Hello, I'm a 2 month old SAS user and just started practicing COUNTER, RETAIN, FIRST. ,Last. and DO/END. I can  understand simple examples (of course) but am getting stuck when there is missing data and multiple variables involved. 

 

For example:

This data is sorted BY ID DATE TYPE already and the columns in red are what I'm trying to add in.

I think Num_A should be counter+1 when the variable is the first non=missing value for A and then start over for each date. And eventually if the ID changed as well. The same for num_B and C. 

 

IDDATETYPEABCNUM_ANUM_BNUM_C  
11/1/2010B.10.010
11/1/2010A3..100
11/1/2010A7..200
11/1/2010C..11001
13/17/2010B.5.010
13/17/2010A4..100
13/17/2010C..3001
15/1/2010B.7.010
15/1/2010A3..100
15/1/2010C..400

1

 

1 ACCEPTED SOLUTION

Accepted Solutions
Patrick
Opal | Level 21

@ebeth wrote:

This worked almost perfectly. Thank you. 

One odd thing though is that the very first NUM_A is a missing value. The only missing value.  Instead of zero. I thought the RETAIN statement set that to zero?


Good catch. The RETAIN statement just retains values instead of setting them to missing before reading in a new line of data.

What's happening here: The first value of B is not missing so here the logic for the value in the first observation leads to the else case: NUM_B=NUM_B+1;

Because here variable NUM_B is still missing, the formula sums the values <missing>+1. This results is a missing.

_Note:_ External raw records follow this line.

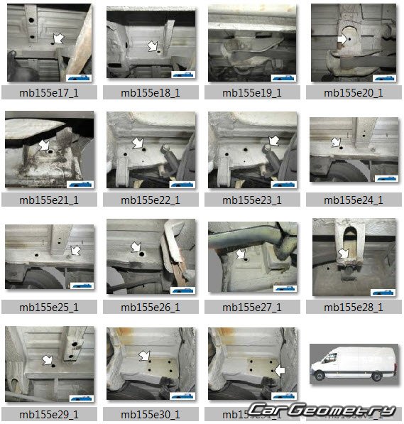 Кузовные размеры для восстановления геометрии кузова автомобилей Mercedes Sprinter (Type 907) с 2018. С помощью этих данных осуществляется проверка геометрии кузова с колесной базой 3250, 4325 и 3665мм , с последующей рихтовкой поврежденных частей автомобилей Мерседес Спринтер третьего поколения.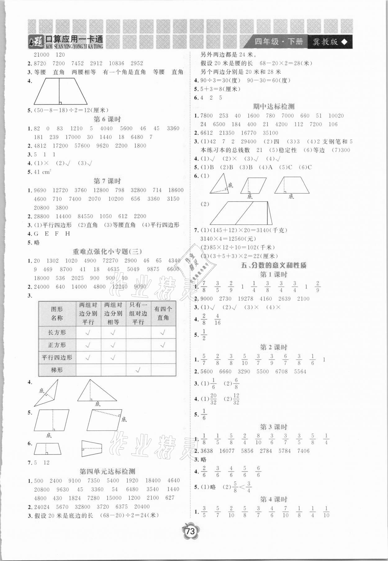 2021年名题1加1口算应用一卡通四年级下册冀教版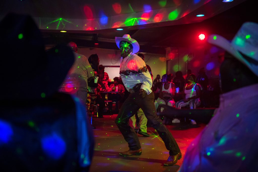 Why isn’t that more well-known and more widely represented? Doyle doesn’t seek to answer those questions so much as just capture the compelling proof of contemporary black cowboy culture. What makes his Delta Hill Riders project unique is the tight bond Doyle was able to develop with his subjects. A startling intimacy is conveyed in each image, whether featuring a raucous dance at a local club or a cowboy father holding his newborn son on his first day home from the hospital.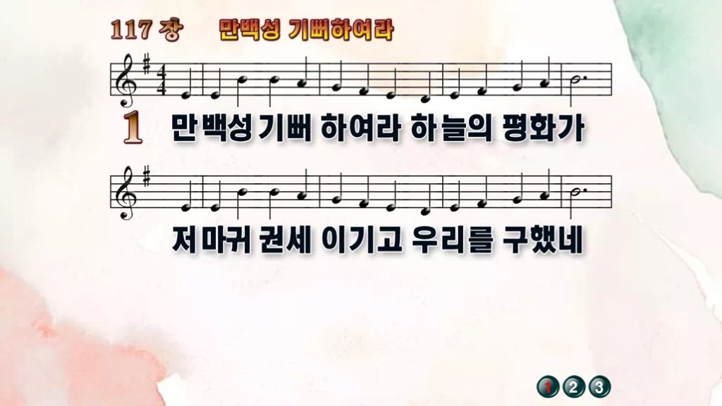 117장 - 만백성 기뻐하여라 찬송가의 PPT 악보입니다.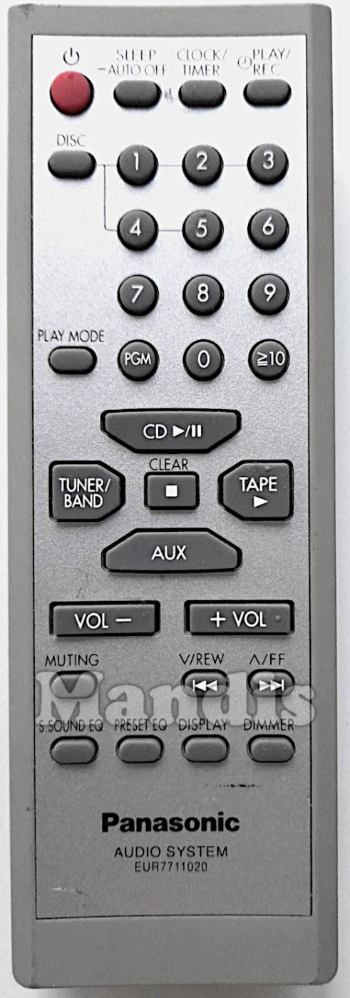Télécommande d'origine EUR7711020 pour chaîne hi-fi de la marque Panasonic. Il s'agit d'un modèle de télécommande d'origine.

To avoid such a case: Either set all the values to 0 whenever there is a new id (if first.id) or even simpler use the sum() function as done below. The sum() function ignores missings and though the result of sum(<missing>,1) is 1

 

Below code demonstrates 3 different coding options all returning the same result.

Call missing() allows to set an array of variables to missing. There is unfortunately still no call routine which would allow to set variables to another value; except for a not very often used "hack" using call stdize() 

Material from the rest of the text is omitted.